Pashinyan sued Armenia in 2010 over his arrest and conviction following the deadly 2008 crackdown on anti-government protesters.
Pashinyan’s government, as the respondent in the case, did not comment before the court on the allegations brought against it by the prime minister.
In an 18 January judgement, the ECHR ruled that the Armenian authorities had violated Pashinyan’s rights to freedom of expression, peaceful assembly, and to liberty and security.
Pashinyan did not demand any material compensation in his application..
The state was represented in the case by Yeghisheh Kirakosyan, who was appointed as Armenia’s representative to the ECHR by Pashinyan’s government in 2018, after briefly serving as an advisor to the prime minister.
The ruling was the latest in a series of judgements by the ECHR against Armenia over the 2008 crackdown over numerous violations of the European Convention on Human Rights.
Pashinyan was arrested in July 2009 on charges of attempting to ‘overthrow constitutional order’. He was sentenced to seven years in prison but was released in 2011 in a pardon marking the 20th anniversary of Armenia’s independence.
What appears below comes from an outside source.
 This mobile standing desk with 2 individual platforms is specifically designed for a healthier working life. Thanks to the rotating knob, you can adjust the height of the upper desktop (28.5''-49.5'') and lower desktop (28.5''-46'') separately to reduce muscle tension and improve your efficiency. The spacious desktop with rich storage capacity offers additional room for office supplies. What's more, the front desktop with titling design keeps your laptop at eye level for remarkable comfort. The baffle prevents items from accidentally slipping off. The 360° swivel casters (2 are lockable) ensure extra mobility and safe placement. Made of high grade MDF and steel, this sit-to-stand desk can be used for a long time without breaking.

He was convicted for his role in supporting protests against the results of the 2008 presidential election, which saw Robert Kocharyan coming to power.
At the time, Pashinyan was an opposition activist and the editor-in-chief of Haykakan Zhamanak (the Armenian Times).
The protests were organised in late February by Armenia’s first president, Levon Ter-Petrosyan, who lost to Kocharyan in what the opposition claimed were rigged elections.
At least ten people died, including two police officers, when the authorities dispersed the protests on 1 March 2008.
After coming to power in 2018, Pashinyan revisited the events of 1 March. In July 2018, the authorities brought charges against Kocharyan and his allies under the same article used to arrest Pashinyan in 2009: overthrowing constitutional order.
The charges against Kocharyan, who now leads the largest opposition party, were dismissed in March 2021 by Armenia’s Constitutional Court.